We thank all reviewers for their valuable suggestions and positive comments. We apologize for missing some details about network architecture due to the space limit. We will add these details in the revision. The code will be released upon acceptance.

R #1 Unfinished state and missing key information. We respectfully cannot agree. 1) We elaborate on the contributions and method in the introduction and method. 2) We have compared with various UDA mitochondria segmentation methods in Table 1 and Table 2. 3) We further performed ablation studies in Table 3 (main body), Table 1 and Table 2 (supplementary material). 4) We will provide more details about network architecture and experiments in the revision.

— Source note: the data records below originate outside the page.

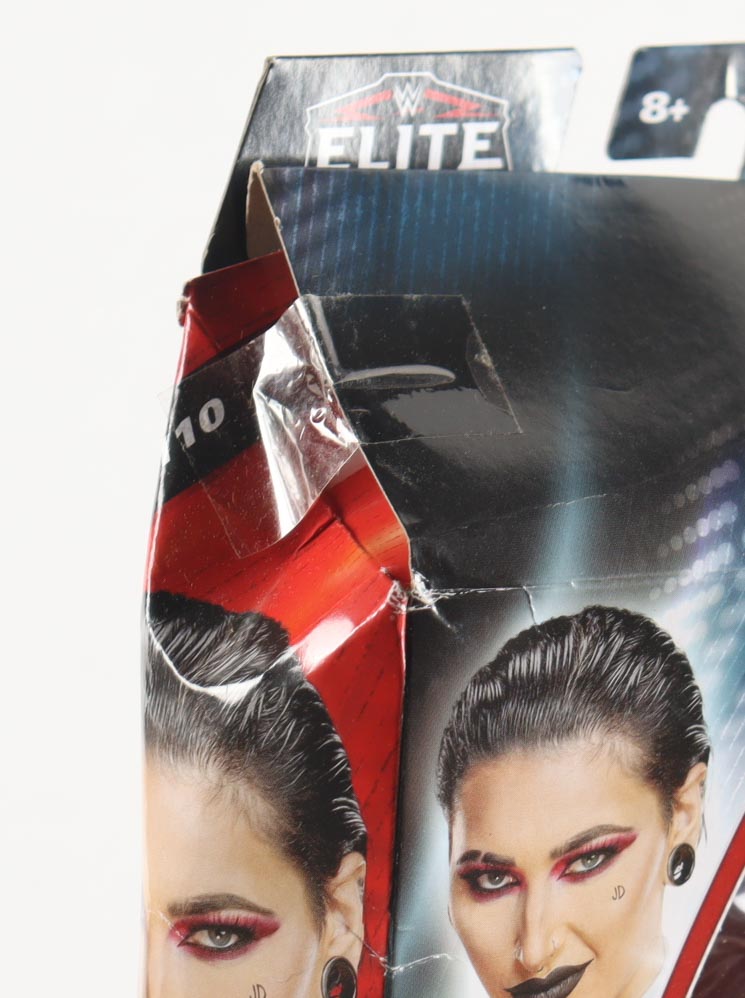Action figure measures approximately 6" in height and is hand-signed on the packaging by Rhea Ripley. Please note, the packaging is dented and torn - see photos for more detail.
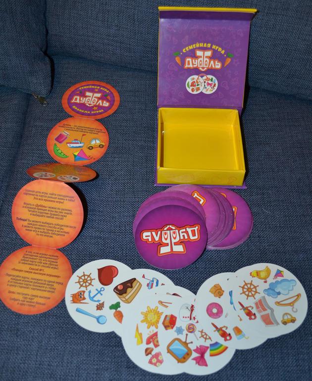 Не знаю, насколько хорошо сделан "Доббль" за такую-то цену, но эта игра на твёрдую 4, а то и с плюсом! Хорошая крепкая коробочка на магните, довольно плотные карточки с яркими изображениями, инструкция с несколькими вариантами игры. Сыну понравилась, хотя и не хит.
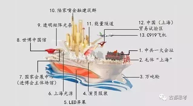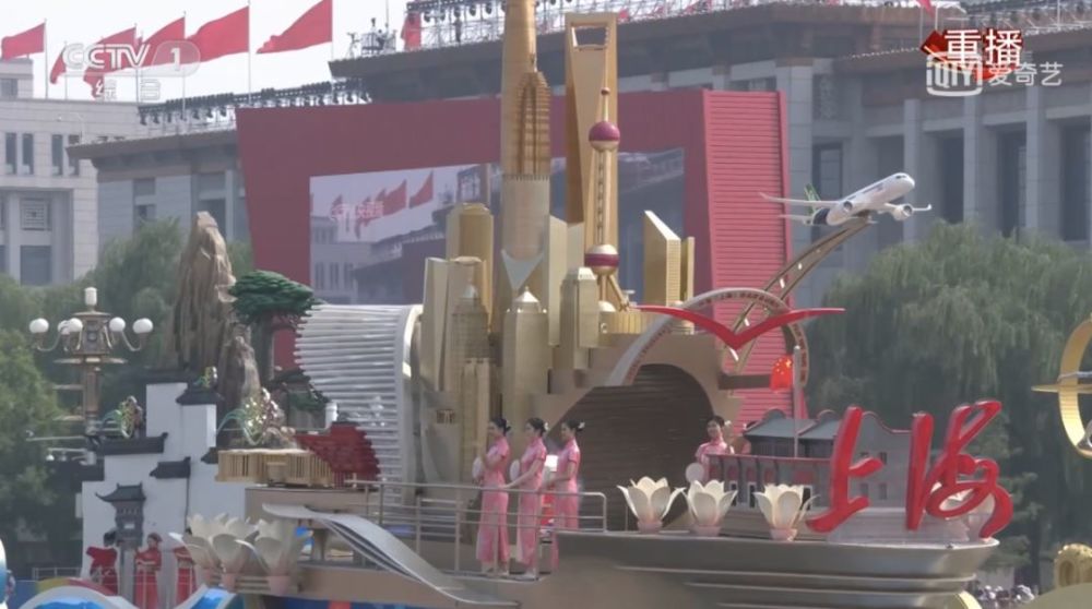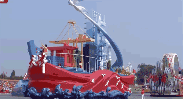 彩车一侧是C919大飞机造型,它的生产商——中国商飞坐落在上海浦东。应该说,飞机造型最能体现上海现代制造业的发展成就。一侧是轮船造型,上海正在推进包括航运中心在内的“五个中心”建设,应该说,轮船造型也符合上海的城市特征。
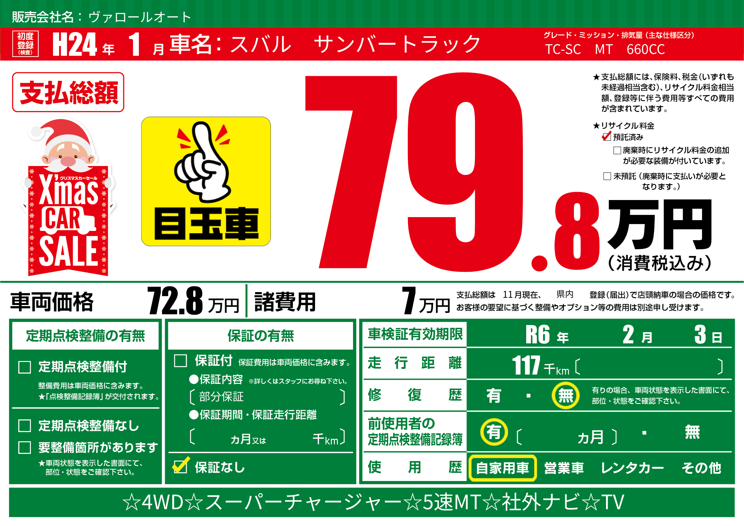 | 車名 | スバル サンバートラック | グレード ミッション 排気量 |
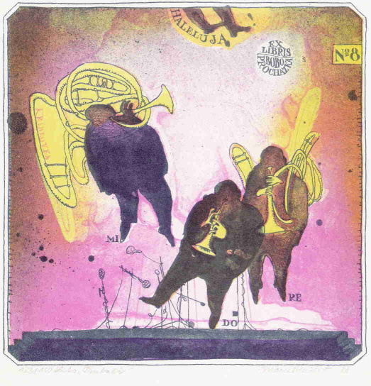 Na jedné ze „Žní…“ jsem objevil Marcela Haščiče (1954). Jeho práce se mezi sběrateli téměř neobjevují a z uvedené ukázky vyplývá, že je to škoda. Je to exlibris pro jeho přítele hudebníka – a je to koncert! Exlibris Bobo Procházka (L bar, 130:130, 1988) se jmenuje „Trubači“. Nad podiem poletují postavy muzikantů zdatně foukající do složitých žesťových nástrojů. Zřejmě ti nadanější jsou opatřeni křídly a vznášejí se dle stupnice „do, re, mi“ a z toho nejlepšího muzikanta jsou na horním okaji obrázku pouze vidět nohy a nápis „Halelujah“. Barevné ladění obrázku dovršuje zlatá barva nástrojů a křídel. Skvělé nápady, skvělé provedení a to mám doma ještě mám nádherné litografované etikety alkoholu „Korenovice“ a ještě další – to už ale není exlibris.

Network details. We apologize for the missing details. 1) Our network architecture follows the baseline DA-ISC [7], as claimed in Fig. 2 (supplementary material). 2) We will provide more details about the architecture in the revision according to your valuable suggestions.

The definition of notations. Thank you for the nice suggestions. 1) The definitions of P and R in Fig. 2 (supplementary material) follow DA-ISC, where R_i is the residual of the predictions of two input slices, and m denotes the interval between two input slices. Note that P and R exist in both source and target domains. R is ignored in the paper for simplicity. 2) There is a clerical error in the supplementary: P_i+1 should be P_i+m. We will correct it in the revision.

Loss function. In eq. 7, L^s_seg follows DA-ISC to optimize all the segmentation outputs (P_s and R_s) in the source domain. In the target domain, L_cf is the cross entropy between P_t, R_t and their pseudo labels.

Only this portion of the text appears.